Kate walked out of the observation room and into the hallway, where a uniformed guard stood outside the interrogation room door. Janssen nodded her approval at the officer, and he opened the door for Kate.

She strode into the interrogation room, sat down at the table, slipped the paper clip off the papers, and made a show of examining them. Everything Kate and Nick were about to say and do was for Janssen’s benefit. But Kate also had a message to convey to Nick and a delivery to make.

“You’re looking good,” Kate said.

“Orange is my color.”

“I’m referring to the handcuffs,” Kate said. “You were born to wear them.”

“They’re a bit snug.”

She looked up from her papers. “You’re facing a long prison stretch, and once you get out there are a dozen countries lined up to lock you away again.”

“I’ve always been a popular guy.”

“It seems you weren’t that popular with the Road Runners. They double-crossed you and got away with hundreds of millions in diamonds. That’s got to hurt.”

“I pulled off the biggest heist in Belgian history,” Nick said. “Making history is not a bad way to end a career.”

“You can thank your so-called friends for your grand finale. Tell me where they are and what they’re doing with the diamonds. Maybe you can do a little less time. Where do we find Dragan Kovic?”

“Haven’t you heard about honor among thieves?”

“They betrayed you.”

Nick shrugged. “Not all thieves have honor.”

Kate leaned forward. “I’m offering you your only chance for vengeance against the people who put you here.”

“You put me here. Not talking is how I get my revenge.” Nick leaned forward too. “Your screwups led to the success of the biggest diamond heist in Belgian history. You’ll probably lose your badge.”

Kate gathered up her papers, leaned back in her seat, and shook her head in disappointment.

“My job is done anyway. I vowed that I’d never let you get away, and I meant it.” She got up and went to the door, pausing for a moment to take one more look at him before leaving. “Remember that on Monday morning when you’re on your way to prison.”

She walked out, satisfied that she’d delivered her message to Nick and more. Now Nick knew that she’d be making her move on Monday morning and, while they were nearly nose to nose over the table, he’d taken the paper clip she’d brought for him.

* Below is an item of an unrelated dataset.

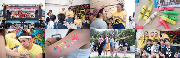 ソニッカートは、国内最大都市型音楽フェスティバル「SUMMER SONIC」(以下、サマーソニック)内の人気アトラクションのひとつです。日本を代表するグラフィックアーティストたちのライヴペイティングを中心に、ボランティアスタッフと共にアトラクション制作やボディーペインティングなど、アートの楽しさを伝える活動しています。

Janssen met Kate in the hall. “That was a waste of time.”

“I wouldn’t say that. I got him talking.”

“But he didn’t say anything,” Janssen said.

“The man loves to hear his own voice. He’ll give me something next time, and then something more after that, just to keep the conversation going. Before it’s over, he’ll give up the gang.”

“There won’t be another meeting.” Janssen held out a plane ticket. “You’re on the eleven A.M. flight Monday to Heathrow with a connecting flight to Los Angeles.”

Kate didn’t take the ticket. “I’m the only one he’ll talk to and the only one with a shot at breaking him.”

“While you are somewhere over the Atlantic, there will be a press conference here announcing the arrest by Belgian police of international fugitive Nicolas Fox, the mastermind behind the vault robbery. We’ll thank the FBI for providing crucial resources, and that will be the end of U.S. involvement in our ongoing investigation and manhunt.”

Plitt had done his job with surprising speed, Kate thought. Maybe he deserved a Nobel Prize after all. She took the ticket from Janssen.

“This is a mistake.”

“Bon voyage, Agent O’Hare,” Janssen said. “A police officer will be waiting at your hotel at nine A.M. to escort you to the airport.”

With those words, Amelie Janssen officially set the timer ticking on Nicolas Fox’s escape.